Свидетельство этого любопытного обычая несут на себе египетские рисунки; а меланийское происхождение подтверждается тем, что он распространен по всей Африке — как на западном, так и на восточном побережье. Один путешественник, Деграндпрэ, увидев негров, разукрашенных цветной татуировкой, на манер индейцев, объясняет это тем, что аборигены часто пересекали просторы континента вдоль экватора, именно поэтому жители Гвинеи практикуют обычаи, которые конголезцы могли заимствовать от индейских мореплавателей. Поскольку нет на земле народа, украшающего себя цветными рисунками, нанесенными либо на кожу, либо, посредством укалывания, под кожу, который не принадлежал бы к черной или желтой группе, я делаю вывод, что татуировка — это обычай этих двух человеческих типов, которые научили ему белые расы, максимально смешанные с ними. Например, так украшают себя хамито-семиты и индусы, смешавшиеся с чернокожими, это характерно для кельтов, смешанных с желтокожими. Татуировку следует считать признаком смешанного происхождения и изучать ее интересно с этнологической точки зрения. Это хорошо поняли американские ученые. Формы и характер рисунков, используемых в одном племени нового континента или Полинезии, например, на лице или теле воинов, часто служат указанием происхождения и связей с другим народом, живущим далеко от первого. Мне довелось видеть замечательную коллекцию гипсовых масок Фробервиля, запечатлевших головы негров восточного побережья Африки. На лбу некоторых аборигенов нанесена серия продольных штрихов, подчеркнутых искусственным утолщением кожи, что практикуют многие пелагийские племена Океании. Это свидетельствует о первородной идентичности двух варварских групп, разделенных огромным океаном.

Чтобы удовлетворить их постоянно растущие потребности, существовала развитая торговля, задачей которой был поиск редкостных предметов во всех концах света. Нижняя и Верхняя Азии непрестанно требовали все новых товаров — богатств, которые находили множество потребителей и ценителей, способных платить за них любую цену.

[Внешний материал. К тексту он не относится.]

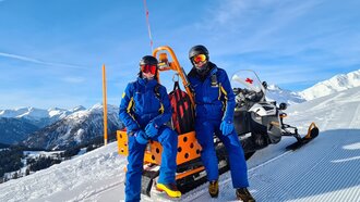 Die Rotorblätter wirbeln reichlich Schnee auf und der Pilot verliert unter Umständen innerhalb weniger Sekunden seine ORIENTIERUNG. Da muss er sich zu 100% auf den Pistenretter verlassen. Zu Beginn war mir schon etwas MULMIG, als der Pilot nur 5 cm vor mir landete“, so Jonas. „Bei der Kommunikation orientieren wir uns an den Uhrzeiten: Vor dem Piloten ist 12 Uhr, links 9 Uhr, rechts 3 Uhr und hinter ihm 6 Uhr. Wenn ich ‚C5 auf 2 Uhr‘ funke, dann weiß er, dass ich rechts vor ihm stehe. Die Anweisungen müssen passen“, fügt Lukas hinzu.
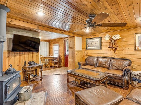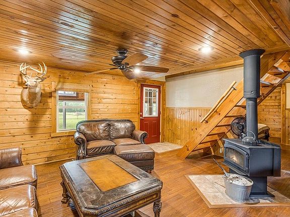 Country Living with Easy access to the turn Pike, Kansas Star and more. Over 5 Gated Acres of Fenced land. Behind the yard is thick Timbers and creek great for Hunting. Wild life Galore. Huge 24x60 Shop with RV and Welding Plugs Plus 2 more spacious sheds and Carport. Updated Swimming Pool with Decking. Log style House very rustic and Quaint. All Electric and Well Water. Great Sunroom to enjoy the peaceful views.
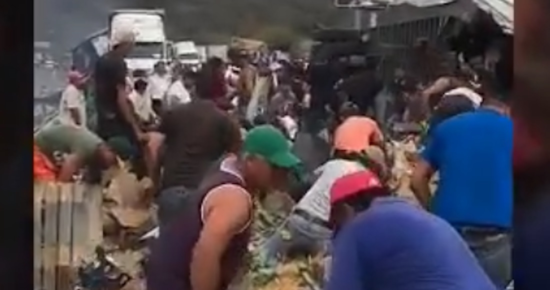 Decenas de lugareños realizaron rapiña a un camión de Coca-Cola que volcó en una carretera de Chiapas. El momento fue capturado en video.
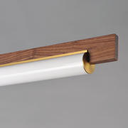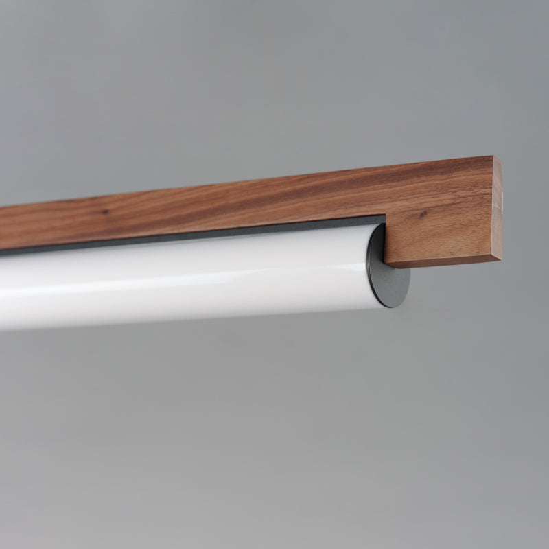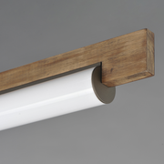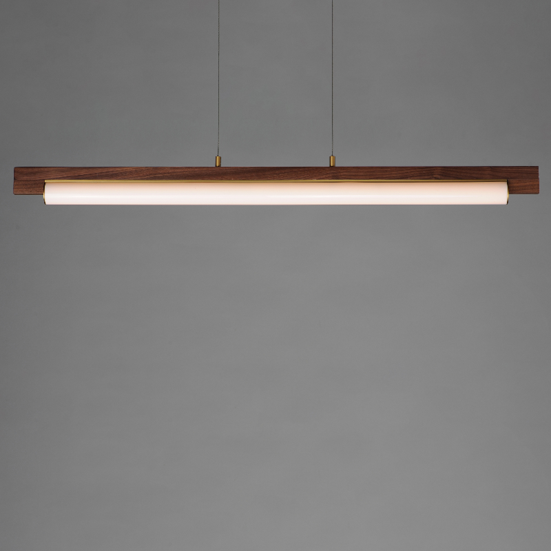 Horizontal Spans of natural wood frame an evenly diffused LED omnidirectional light source. Choose from genuine Walnut with Black or Natural Aged Brass accents or solid oak in a hand-applied Driftwood finish. Whether surface mounted or suspended as a pendant, this collection provides a natural touch to an otherwise modern, minimalist design.
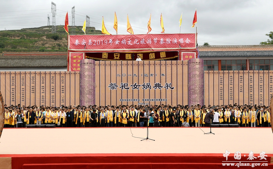 6月21日,秦安縣隴城鎮(zhèn)女媧祭祀廣場上,幢幡悠悠、鐘鼓喈喈,氣勢恢弘、莊嚴(yán)肅穆。由天水女媧文化研究會、隴城鎮(zhèn)女媧祠管理委員會主辦的秦安縣2019(己亥)年祭祀中華人文始祖女媧典禮在這里隆重舉行。來自省內(nèi)外的媧皇兒女懷著無比虔誠的赤子之心齊聚于此,祭祖謁宗,共同緬懷人文始祖女媧的豐功偉績。
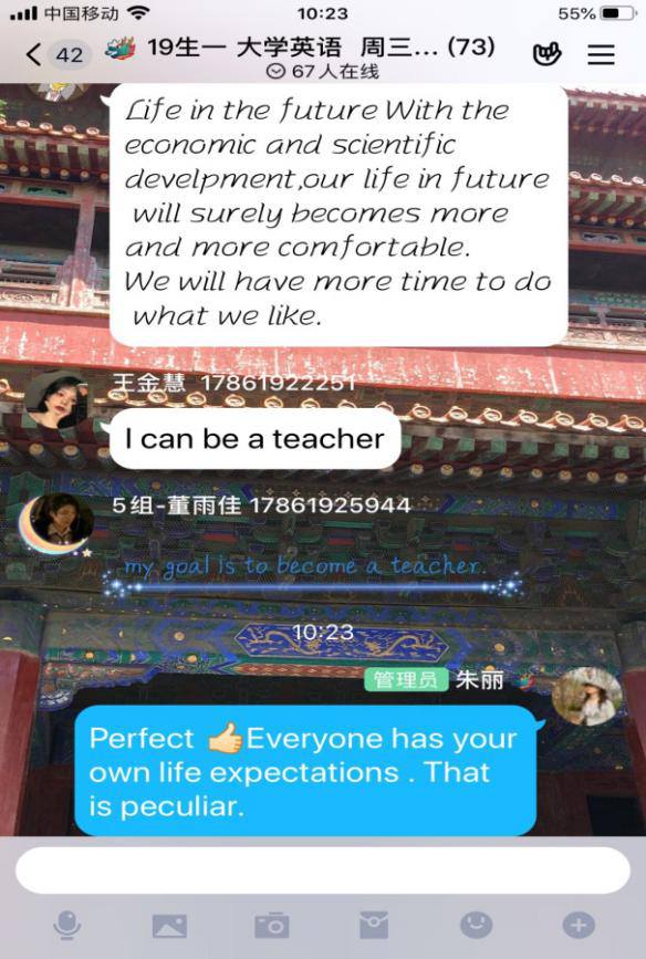 这就是我线上授课的基本方式和方法。总结下来就是借助MOOC平台、QQ平台、U校园平台,利用任务型教学法和小组合作学习等教学方法,尽量做到学习内容适合,监管学生到位,保证学习时间和学习效率,以“上好课”为初衷,以提升学生的英语听说读写能力为目标,做好老师的本职工作。当然,我相信同事们会有更适合的、更好的方法一起分享。我相信没有最好只有更好。
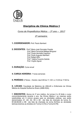 Este documento descreve o programa da disciplina de Clínica Médica I para o 3o ano do curso de Medicina em 2017. O curso será ministrado duas vezes por semana com aulas teóricas e práticas cobrindo tópicos de semiologia médica. Será avaliado por provas teóricas e práticas ao longo do semestre.
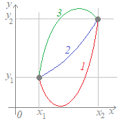 によって,すなわち最初の点の座標(x1, y1)と最後の点の座標(x2, y2)だけで決まるので,途中の経路がどうなっているのかに関係なく定まります. 右図3において,赤で示した経路1であっても,青で示した経路2であっても,緑で示した経路3であっても,変化の割合はすべて等しくなります.
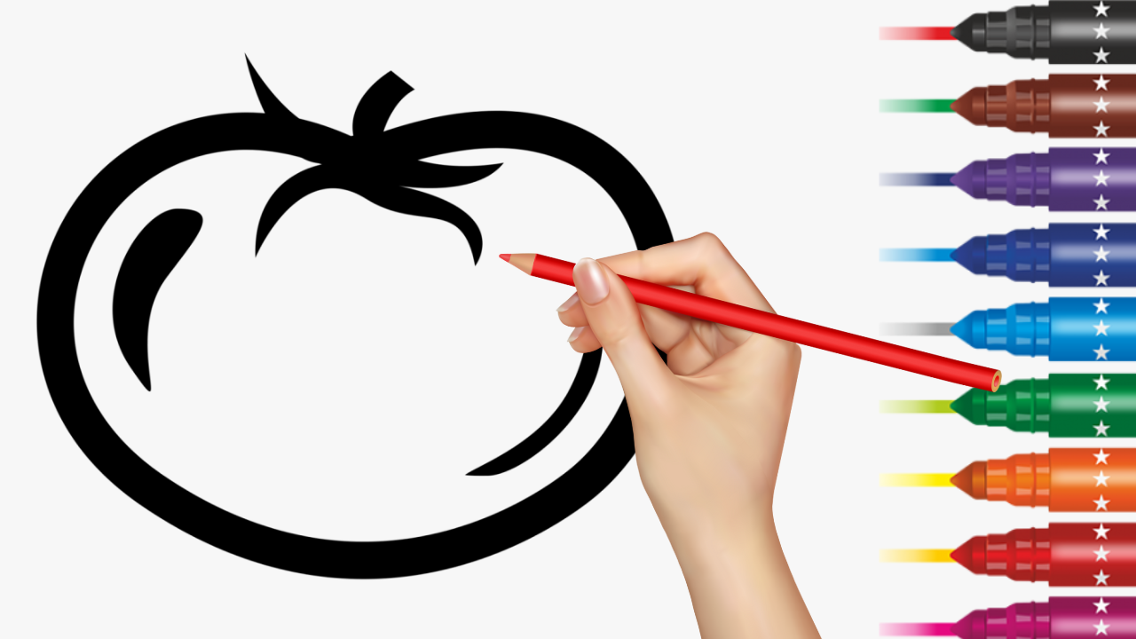 Рисуем помидорку фломастерами. Идея для рисования с маленьким ребёнком

Однако рядом с таким материальным великолепием и артистизмом, существовали отвратительные язвы от болезней, вызванных вливанием черной крови. Древняя красота религиозных идей постепенно загрязнялась поверхностными потребностями мулатов. На место простоты древней теологии приходил грубый эманатизм, мерзкий в своих символах, представляющий божественные атрибуты и природные силы в монструозных образах, искажающих святые идеи и чистые понятия таким нагромождением таинственности, недосказанности и не поддающейся расшифровке мифологии, что со временем истина оказалась недоступной даже для узкого круга. Я допускаю, что белые хамиты должны были чувствовать отвращение, когда они соединяли величие доктрин своих отцов с темным суеверием черных племен, и из этого чувства мог появиться первый принцип их любви к тайнам. Затем они быстро осознали, какое воздействие оказывает умолчание их священников на массы, более склонные бояться высокомерной сдержанности догмы, нежели искать в ней приятные стороны и надежду. С другой стороны, я также понимаю, что кровь рабов, которая когда-то ослабила властителей, вскоре внушила последним то же самое суеверие, против которого вначале ополчился культ.

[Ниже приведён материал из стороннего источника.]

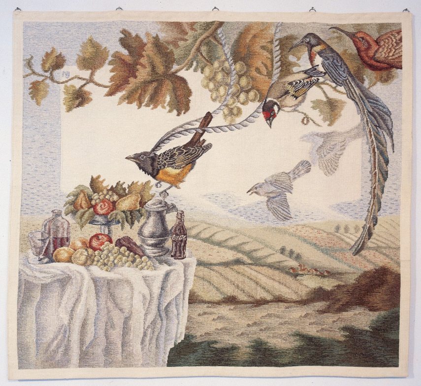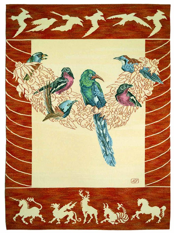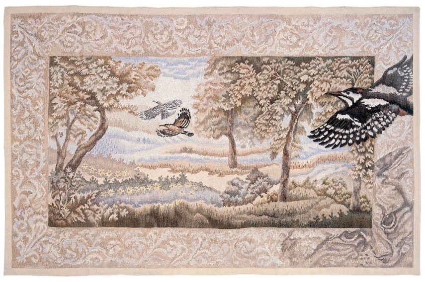 Egyik kedvenc kárpitom a kertünkben zajló történet megörökítése: szerelmesen röpködő madárpár, amelyet persze figyel a kompozícióba berepülő veszedelmes szajkó, de a gobelin selyembordűrjébe finoman belerejtett, lesben álló cicám portréja okán még ő sem érezheti magát nagyon biztonságban.
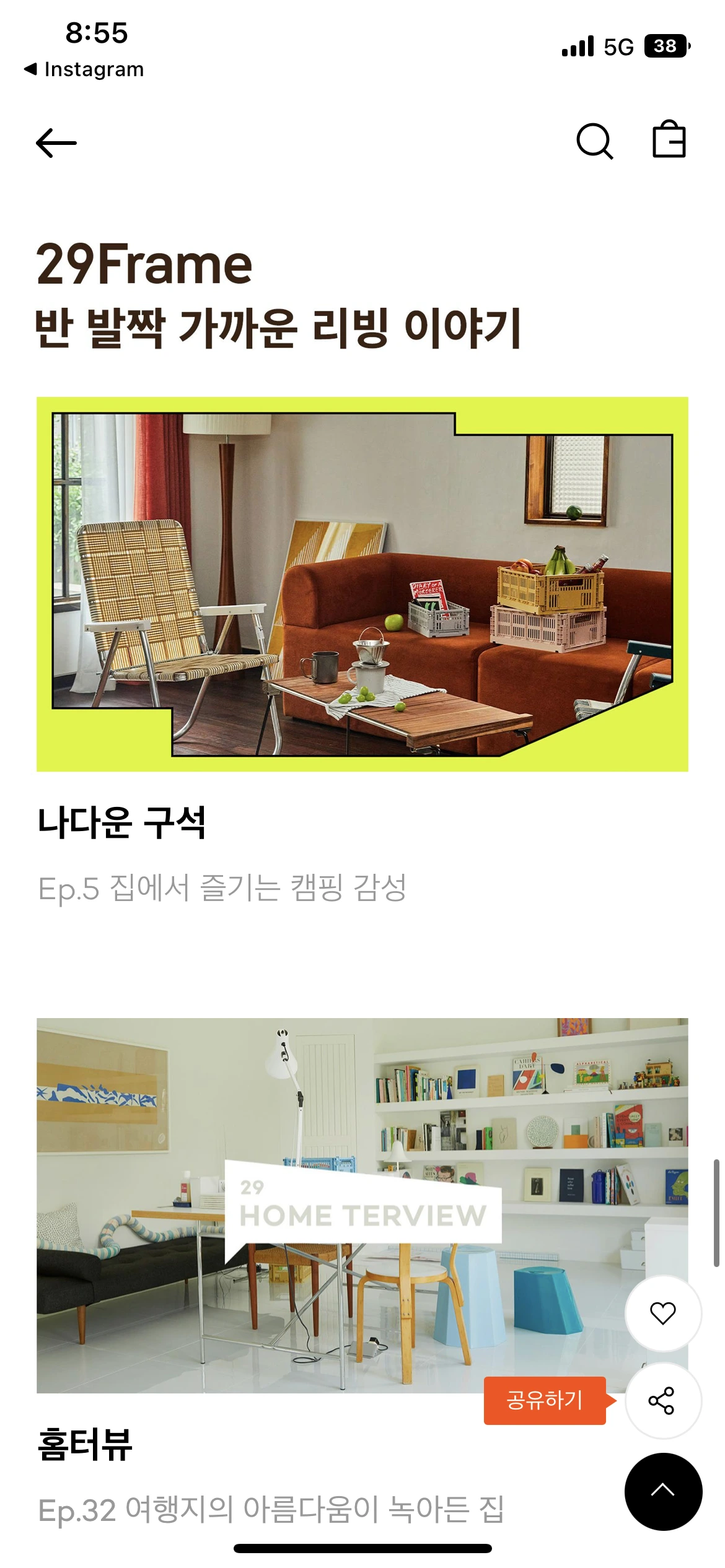 이 콘텐츠를 보다 보면 나의 집에 어떤 가구를, 소품을 놓고 싶은지까지 생각이 확장된다. 지금 내 방과 집은 충분히 내 취향으로 가득차 있는지 돌아보게 되고 내 취향으로 좀 더 채워넣고 싶은 생각도 든다. 그리고 그 생각의 끝점에 29cm home이 있다.
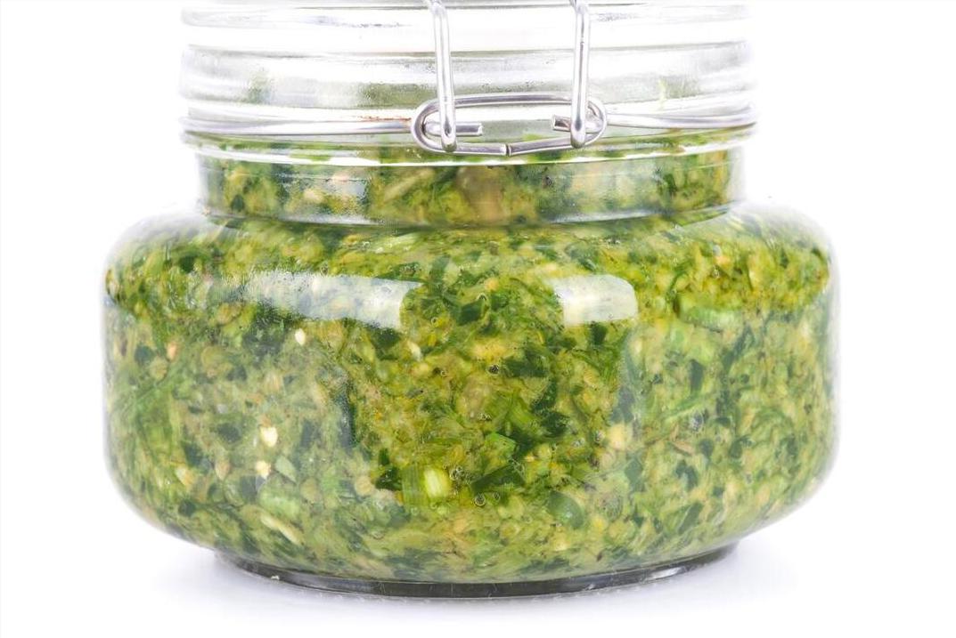 5、打碎後的梨子,將其倒在韭菜花中就可以啦,加上梨子之後,韭菜花的香味會更濃郁,這是“多放1樣”。接下來,還需要再往裏面倒入10ml的高度白酒,放入高度白酒,可以延長韭菜花的保質期,儲存時間更長,這是“多放2樣”。
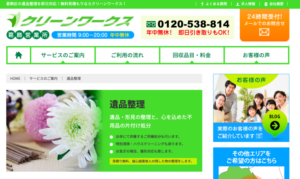 公式サイトでは、ブログや作業事例が公開されているので、依頼前の参考にしましょう。葛飾区の地域情報にも精通しているので、地域密着ならではのサービスが受けられますよ。
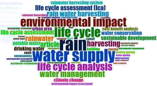 A word cloud analysis revealed additional contexts beyond those suggested by keyword sequences. The first analysis highlighted the presence of cost-related terms, likely about the life cycle cost assessment (LCCA) theme. The second analysis included terms related to climate change or global warming. The presence of terms related to wastewater indicates a focus and interest in using lower-quality water reuse systems. Figure 4 shows the keyword cloud derived from the selected articles. Moreover, other decision-making contexts, such as management, resources, treatment and conservation, emerged as facets of a science-based approach to future water asset decisions.
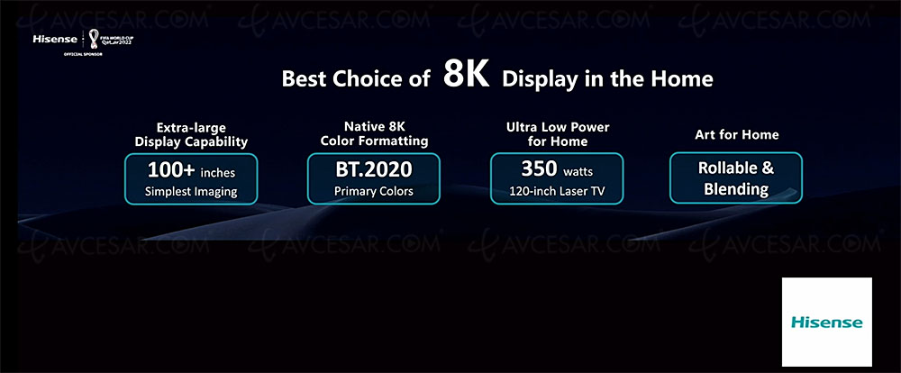 El Dr. Liu Xianrong, CientÃfico Jefe y Gerente General de Hisense Laser Display, aclaró las muchas fortalezas de Laser TV: imagen de (muy) gran formato a través de pantallas de 100 '' (254 cm) y 120 '' (305 cm)), Calidad de imagen idéntica a una pantalla de TV HDR con un Laser TV de triple láser pero sin luz azul (luz reflejada en la pantalla), y un consumo energético reducido en comparación con un TV convencional. Por ejemplo, el Dr. Liu Xianrong indicó que un televisor láser consume 350 W para una imagen de 120 '' (305 cm), una cifra similar a un televisor LED de 75 '' (191 cm) u 85 '' (216 cm)). . Más detalles en 2022…

То, что прежде было целомудрием, потом, при политическом посредстве, сделалось искренней верой; правители опустились до уровня подданных, и все уверовали в уродство, стали восхищаться бесформенностью, победоносной чумой, которая отныне слилась с искаженными доктринами и представлениями.

Неудивительно, что культ покрыл себя позором в глазах народа. И мораль этого народа, следующая всегда в русле веры, также деградировала. Человек, падающий ниц перед бесформенным куском дерева или камня, не может не утратить понятие добра, если понятие прекрасного уже утрачено. Между прочим, у черных хамитов было немало оснований для деградации! Этому способствовали их пастыри и властители. Пока верховная власть оставалась в руках белой расы, возможно, угнетение подданных служило улучшению нравов. После того, как черная кровь все запятнала жестокими суевериями, врожденной жестокостью, алчностью к материальным радостям, власть в какой-то мере способствовала удовлетворению самых низменных инстинктов, а всеобщее рабство, не сделавшись легче и мягче, оказалось более деградирующим фактором. Словом, в ассирийских странах собрались все пороки.

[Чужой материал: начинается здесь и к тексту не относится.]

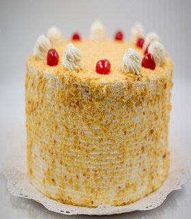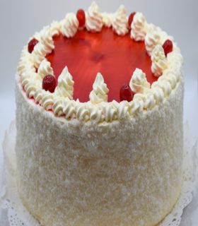 Bizcocho blanco, crema sabor a coco, piña picada y crenfil de coco.
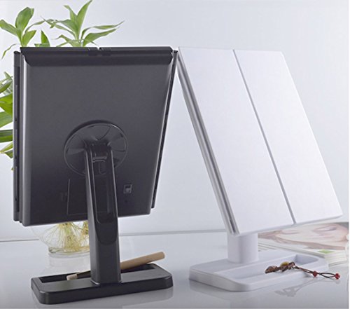 - PERFECT LIGHTING: Our cosmetic mirror is built with 24 LED lights adjustable to the touch. With its dimmable feature, you can now apply makeup in a dark room or poorly lit areas. With one touch, you can turn on our makeup mirror. Take advantage of the double power supply. Our mirror can be used with 4 x AAA batteries (NOT included) or with the USB cable (included)!
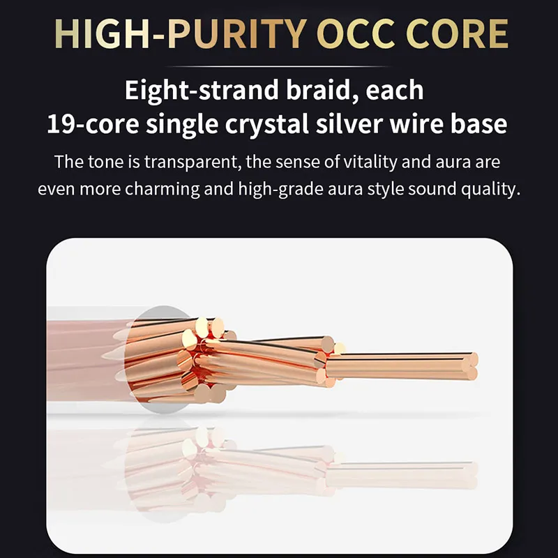 4. NÚCLEO OCC DE ALTA PUREZA Trenza de ocho hebras, cada base de alambre de plata de un solo cristal de 19 núcleos El tono es transparente, la sensación de vitalidad y Aura son aún más encantadoras y de alta calidad de sonido de estilo aura.
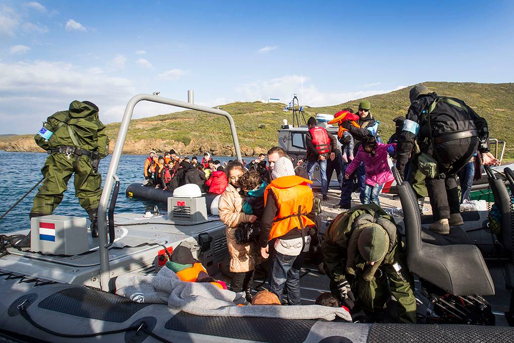 De grenspatrouilles worden uitgevoerd door personeel van de Griekse kustwacht en de Koninklijke Marechaussee. Met snelle motorboten, bestuurd door Nederlandse mariniers, bewaken zij het gedeelte van de zee tussen Turkije en Chios.
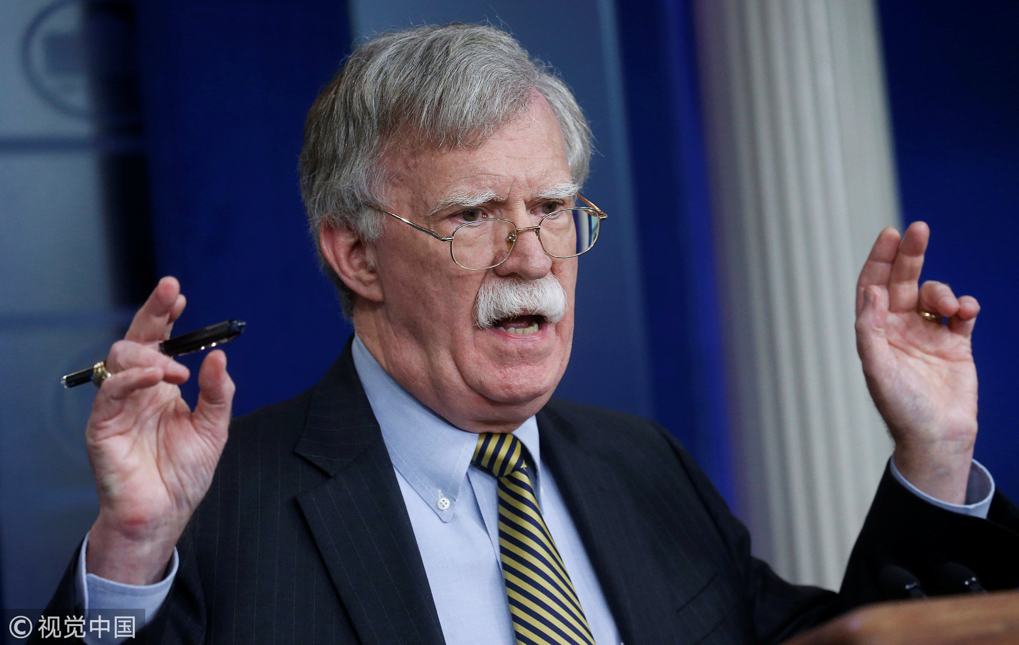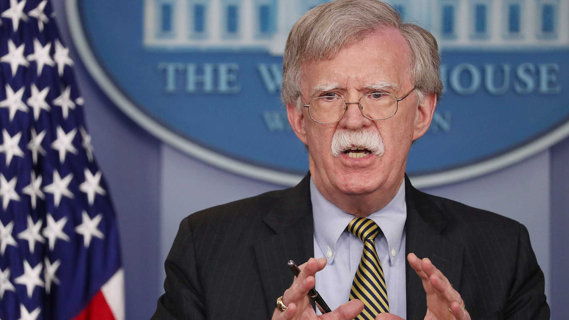 US National Security Adviser John Bolton answers a question from a reporter about how he refers to Palestine during a news conference in the White House briefing room in Washington, US, October 3, 2018. /VCG Photo

Наряду с утонченной роскошью существовал обычай человеческого жертвоприношения, который обесчестил храмы самых богатых и самых цивилизованных городов и который практиковался белой расой только как заимствованный у других типов. В Ниневии и Тире, а позже в Карфагене это позорное явление имело политический характер и всегда сопровождалось очень торжественной церемонией. Его полагали необходимым для процветания государства.

Матери отдавали в жертву своих детей, и малышам вспарывали животы на алтарях. Сами матери перерезали себе горло, видя как их малютки стенают и бьются в пламени Ваала. У верующих членовредительство считалось высшим проявлением усердия в вере. Отрезать себе мужской орган означало богоугодное дело. Добровольно проделать на себе те ужасы, которые правосудие вершило в отношении провинившихся, оторвать себе ухо или нос и в луже крови посвятить себя Мелькарту Тирскому или Белу Ниневийскому — значило заслужить благосклонность этих ужасных фетишей.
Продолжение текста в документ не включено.